Records provided>
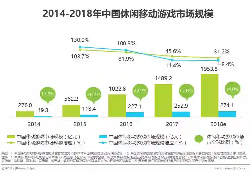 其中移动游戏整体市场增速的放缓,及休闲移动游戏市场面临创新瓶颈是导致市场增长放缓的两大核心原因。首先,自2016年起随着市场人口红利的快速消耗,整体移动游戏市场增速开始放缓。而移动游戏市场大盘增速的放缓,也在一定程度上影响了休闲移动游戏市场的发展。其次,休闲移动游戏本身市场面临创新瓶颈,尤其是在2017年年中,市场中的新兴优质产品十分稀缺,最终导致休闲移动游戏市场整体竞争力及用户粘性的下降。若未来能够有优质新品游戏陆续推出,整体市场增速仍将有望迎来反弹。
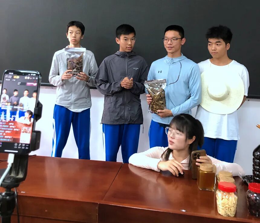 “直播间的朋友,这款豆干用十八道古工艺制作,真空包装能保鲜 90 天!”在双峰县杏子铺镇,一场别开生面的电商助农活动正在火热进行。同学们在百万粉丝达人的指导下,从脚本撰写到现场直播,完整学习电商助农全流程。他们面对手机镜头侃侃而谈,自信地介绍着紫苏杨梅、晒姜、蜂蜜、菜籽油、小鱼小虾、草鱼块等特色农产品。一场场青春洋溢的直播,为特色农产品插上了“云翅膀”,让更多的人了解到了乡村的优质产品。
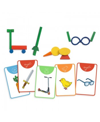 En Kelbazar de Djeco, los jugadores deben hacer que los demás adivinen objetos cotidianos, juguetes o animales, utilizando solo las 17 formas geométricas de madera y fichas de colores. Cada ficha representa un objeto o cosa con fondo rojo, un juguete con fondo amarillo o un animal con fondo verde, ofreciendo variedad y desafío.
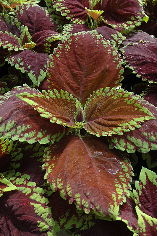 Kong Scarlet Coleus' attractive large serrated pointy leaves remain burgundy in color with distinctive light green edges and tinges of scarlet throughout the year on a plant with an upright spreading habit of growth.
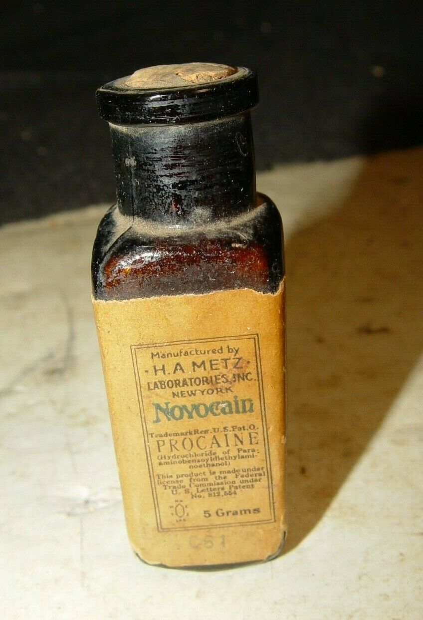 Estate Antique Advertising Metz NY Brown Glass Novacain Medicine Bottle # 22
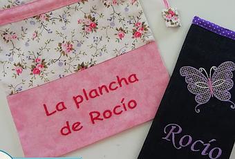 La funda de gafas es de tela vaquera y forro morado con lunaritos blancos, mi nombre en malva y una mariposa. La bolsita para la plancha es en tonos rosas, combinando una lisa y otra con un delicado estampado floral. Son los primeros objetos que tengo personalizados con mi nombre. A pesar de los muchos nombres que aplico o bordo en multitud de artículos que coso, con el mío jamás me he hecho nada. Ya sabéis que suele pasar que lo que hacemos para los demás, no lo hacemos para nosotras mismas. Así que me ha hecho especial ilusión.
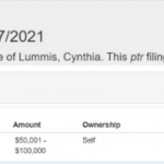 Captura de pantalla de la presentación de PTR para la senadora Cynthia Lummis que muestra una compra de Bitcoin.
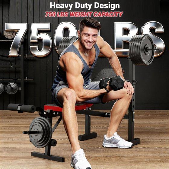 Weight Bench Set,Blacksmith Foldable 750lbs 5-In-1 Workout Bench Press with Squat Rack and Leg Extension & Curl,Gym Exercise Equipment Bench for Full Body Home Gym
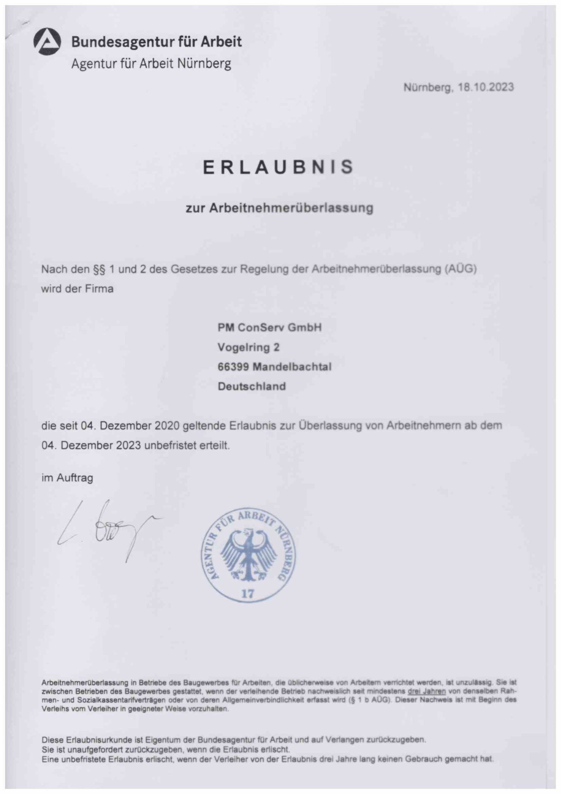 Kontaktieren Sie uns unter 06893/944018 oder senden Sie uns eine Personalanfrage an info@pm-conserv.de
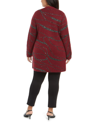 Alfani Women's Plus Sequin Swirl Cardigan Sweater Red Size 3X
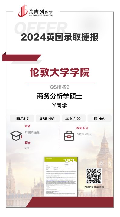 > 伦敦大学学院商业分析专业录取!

Exercise requirements>
From the first line to the last, output the data exactly; skip any pictures.

Reply to the task>
 其中移动游戏整体市场增速的放缓,及休闲移动游戏市场面临创新瓶颈是导致市场增长放缓的两大核心原因。首先,自2016年起随着市场人口红利的快速消耗,整体移动游戏市场增速开始放缓。而移动游戏市场大盘增速的放缓,也在一定程度上影响了休闲移动游戏市场的发展。其次,休闲移动游戏本身市场面临创新瓶颈,尤其是在2017年年中,市场中的新兴优质产品十分稀缺,最终导致休闲移动游戏市场整体竞争力及用户粘性的下降。若未来能够有优质新品游戏陆续推出,整体市场增速仍将有望迎来反弹。
 “直播间的朋友,这款豆干用十八道古工艺制作,真空包装能保鲜 90 天!”在双峰县杏子铺镇,一场别开生面的电商助农活动正在火热进行。同学们在百万粉丝达人的指导下,从脚本撰写到现场直播,完整学习电商助农全流程。他们面对手机镜头侃侃而谈,自信地介绍着紫苏杨梅、晒姜、蜂蜜、菜籽油、小鱼小虾、草鱼块等特色农产品。一场场青春洋溢的直播,为特色农产品插上了“云翅膀”,让更多的人了解到了乡村的优质产品。
 En Kelbazar de Djeco, los jugadores deben hacer que los demás adivinen objetos cotidianos, juguetes o animales, utilizando solo las 17 formas geométricas de madera y fichas de colores. Cada ficha representa un objeto o cosa con fondo rojo, un juguete con fondo amarillo o un animal con fondo verde, ofreciendo variedad y desafío.
 Kong Scarlet Coleus' attractive large serrated pointy leaves remain burgundy in color with distinctive light green edges and tinges of scarlet throughout the year on a plant with an upright spreading habit of growth.
 Estate Antique Advertising Metz NY Brown Glass Novacain Medicine Bottle # 22
 La funda de gafas es de tela vaquera y forro morado con lunaritos blancos, mi nombre en malva y una mariposa. La bolsita para la plancha es en tonos rosas, combinando una lisa y otra con un delicado estampado floral. Son los primeros objetos que tengo personalizados con mi nombre. A pesar de los muchos nombres que aplico o bordo en multitud de artículos que coso, con el mío jamás me he hecho nada. Ya sabéis que suele pasar que lo que hacemos para los demás, no lo hacemos para nosotras mismas. Así que me ha hecho especial ilusión.
 Captura de pantalla de la presentación de PTR para la senadora Cynthia Lummis que muestra una compra de Bitcoin.
 Weight Bench Set,Blacksmith Foldable 750lbs 5-In-1 Workout Bench Press with Squat Rack and Leg Extension & Curl,Gym Exercise Equipment Bench for Full Body Home Gym
 Kontaktieren Sie uns unter 06893/944018 oder senden Sie uns eine Personalanfrage an info@pm-conserv.de
 Alfani Women's Plus Sequin Swirl Cardigan Sweater Red Size 3X
 > 伦敦大学学院商业分析专业录取!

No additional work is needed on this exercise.